Wow, I just hope the public attention span is more than seven words long. I’m guessing the state’s research showed it’s just about exactly that. The title goes on, REQUIRES CERTAIN FUEL TAXES AND VEHICLE FEES BE APPROVED BY THE ELECTORATE, but again, I’m not sure people who have to drive to work every day on shredded roads are going to read beyond the first seven words.

In the summary it mentions that 6 repeals “a 2017 transportation law’s taxes and fees designated for road repairs and public transportation…”. Then it goes on to emphasize how much money they will pull from  transportation projects if we pass this measure, insinuating that all that money would have gone for road repairs. You have to read the whole thing – they say the money “mainly would have paid for highway and road maintenance and repairs, as well as transit programs.” As well as insinuates a small portion would go toward non-road related projects, when over half the money in SB 1 is designated for rail, bus, and other forms of public transportation, as well as bike lanes and bridges.

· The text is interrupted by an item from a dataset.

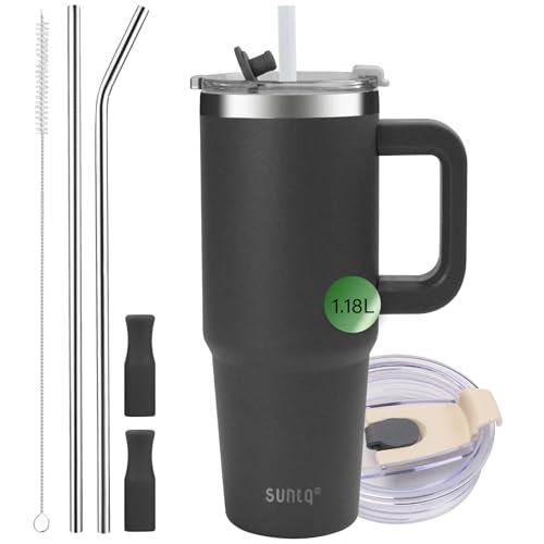 SUNTQ 40oz Tumbler with Handle, Double Wall Vacuum Insulated Water Bottle with Straw and Lid, Stainless Steel Travel Coffee Mug, Reusable Thermal Cup for Beverages, Fit in Cup Holder(Black)

A YES vote on this measure would “reduce funding for highway and road maintenance and repairs…” – the threat – and there it is again “as well as transit programs…” as if transit programs are an afterthought.

And it implies that long time funding is being cut, when it was only instituted in January of 2018. 

There is one positive note – but again, I worry that most people won’t read through the entire title or text. The summary and the “What Your Vote Means” section do make it clear that Prop 6 will include a stipulation that new or increased state fuel and vehicle taxes would require majority approval by the voters. That’s probably the most important part of this measure. Opponents have taunted us for being cheap asses, when we pay the highest gas prices and gas tax in the country. What opponents have tried to leave out of the conversation is that this measure was passed by the legislature, without so much as a conversation among the voters. 

I wish we could have got a better conversation going on this measure. Citizens are being torn between driving on shredded roads and paying fuel prices they can’t afford. The public sector is funding the campaign against us with our own money.  It’s a racket, aimed at getting more money out of us to pay their pensions. Don’t buy the rhetoric, YES on PROP 6.